Opportunities at Scale — Trading Problem Sets
This isn’t a finished essay by any means. It’s an in-progress record of the problem I’m dancing with, and the paradigms I’m cuddling with. But first some history.
At Flextrip (travel startup 2011–2012) we were tiny but already playing around with Chef and Chef clones (Rubber https://github.com/rubber/rubber) as a way of automating our deployments — talk about premature optimization. I also played around with Vagrant as a way of trying to reduce disconnect being Prod and Dev environments during freelance work but the word DevOps never touched my lips.
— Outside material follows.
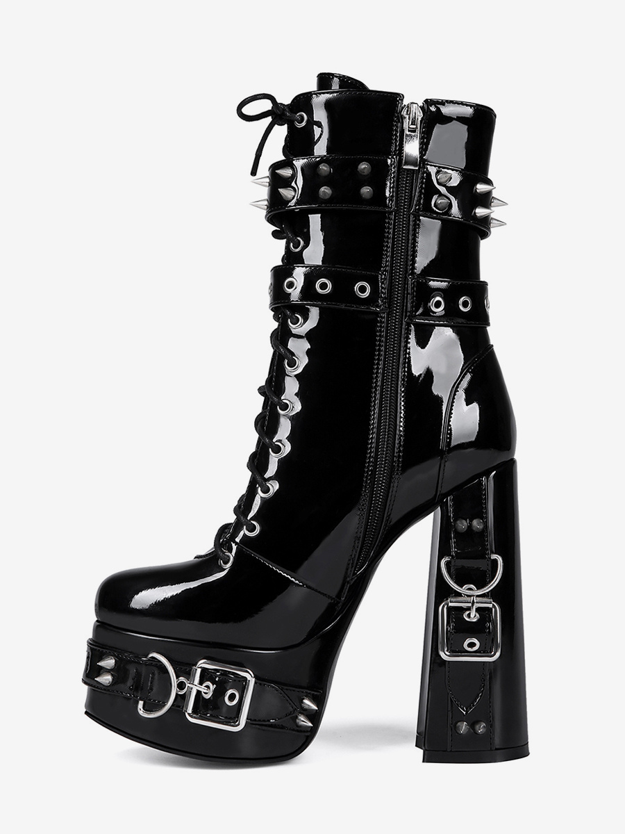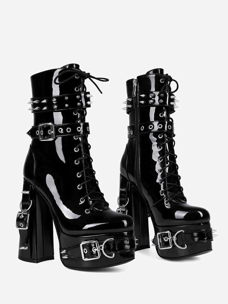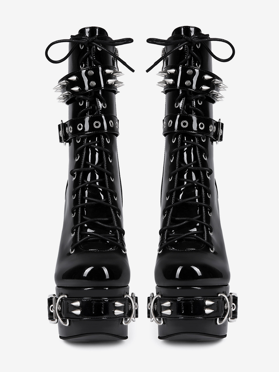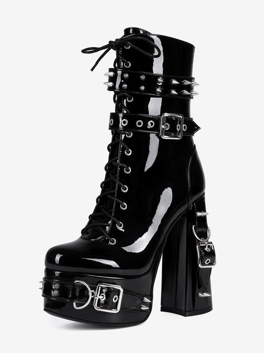 Crafted from high-gloss black patent leather, these men's ankle boots combine a lace-up design with button fastenings and a platform heel, creating a provocative fusion of classic tailoring and bold elevation.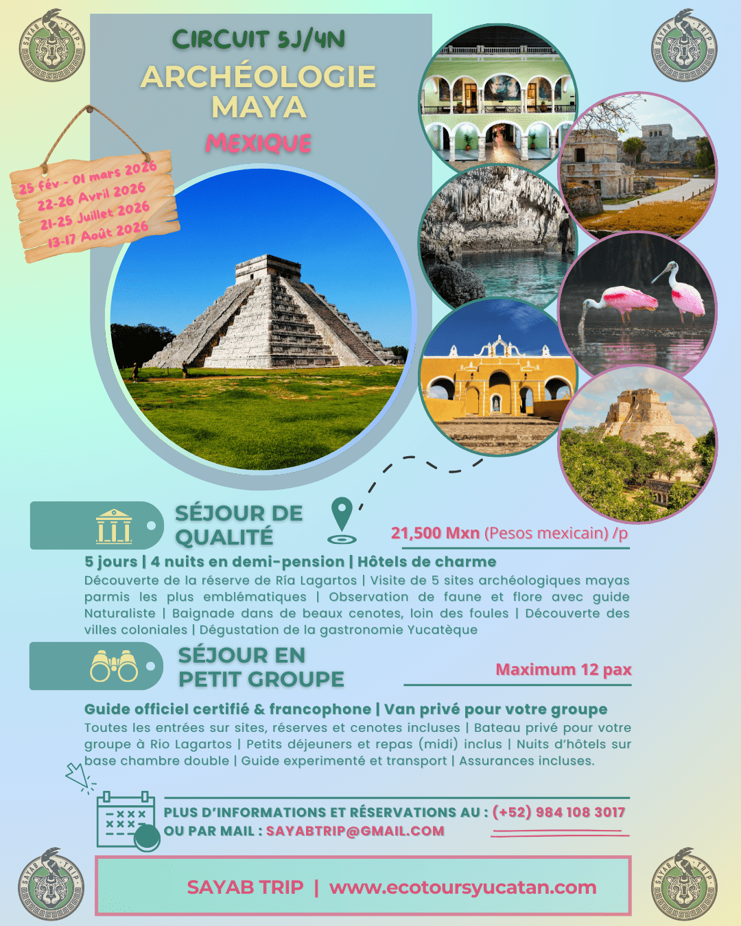 5 jours pour découvrir une réserve ornithologique superbe avec sa mangrove préservée, 5 sites archéologiques magnifiques de différentes époques et différents styles architecturaux, 3 villes coloniales colorées, des cenotes aussi beaux que différents, des villages mayas et l’accueil chaleureux de ses familles. Et bien sûr, le tout en dégustant une partie de la gastronomie typique du Yucatan.

When I worked on Data Science at SITA (2013) we were a 60 year old Airline owned tech services company that offered mostly enterprise data warehouse appliances for airport operations, reservation systems (still half on TPF mainframes) for Airlines, and Enterprise Service busses for the entire aerospace industry. The data and the traffic were at-scale (petabytes of data and 10 Gbps of throughput of actual messages), the lingua franca was Java and MVC Spring was the hot new thing for a lot of our products. But we were also working on all the new startup inspired open source projects/paradigms like Cassandra, Hazelcast, NOSQL and we were embarking upon development of data streaming, event driven architectures. But ultimately the tooling for data science had not reached the level of ease and maturity it has today. I was using SciRuby, and R to try to build streaming ingestion to feed a Monte Carlo simulation that exported coefficients to a curve fit model estimations of passenger volumes and locations in an airport. MLaaS was still a ways off and we weren’t talking about FaaS or Serverless, and the closest we came to Docker was designing VM deployment architectures.
At HP Travel (2014–2015) the scale was even bigger but we were mostly supporting legacy appliances hosted in a 3rd Party On Prem Data center (emulated mainframe software). Pieces of modern architecture beginning to show up in applications all across the org but these were being designed with the REST/MVC paradigm and very little attention was being paid to the performance, cost and organization efficiencies on offer from Public Cloud vendors. One area where we began to move towards today’s paradigms is by deploying Kafka as messaging system to provide as close to immediately consistent primary/replica architecture as we could for Airline Availability servers (the database that tells selling systems what price levels different products should be sold for to maximize revenue on a flight).
At Airhelp our Architecture choices were almost primarily driven by Devops culture but it was still a major struggle to get everyone on-board with the benefits of docker, docker orchestration tools (like Kubernetes), and serverless / FaaS technologies.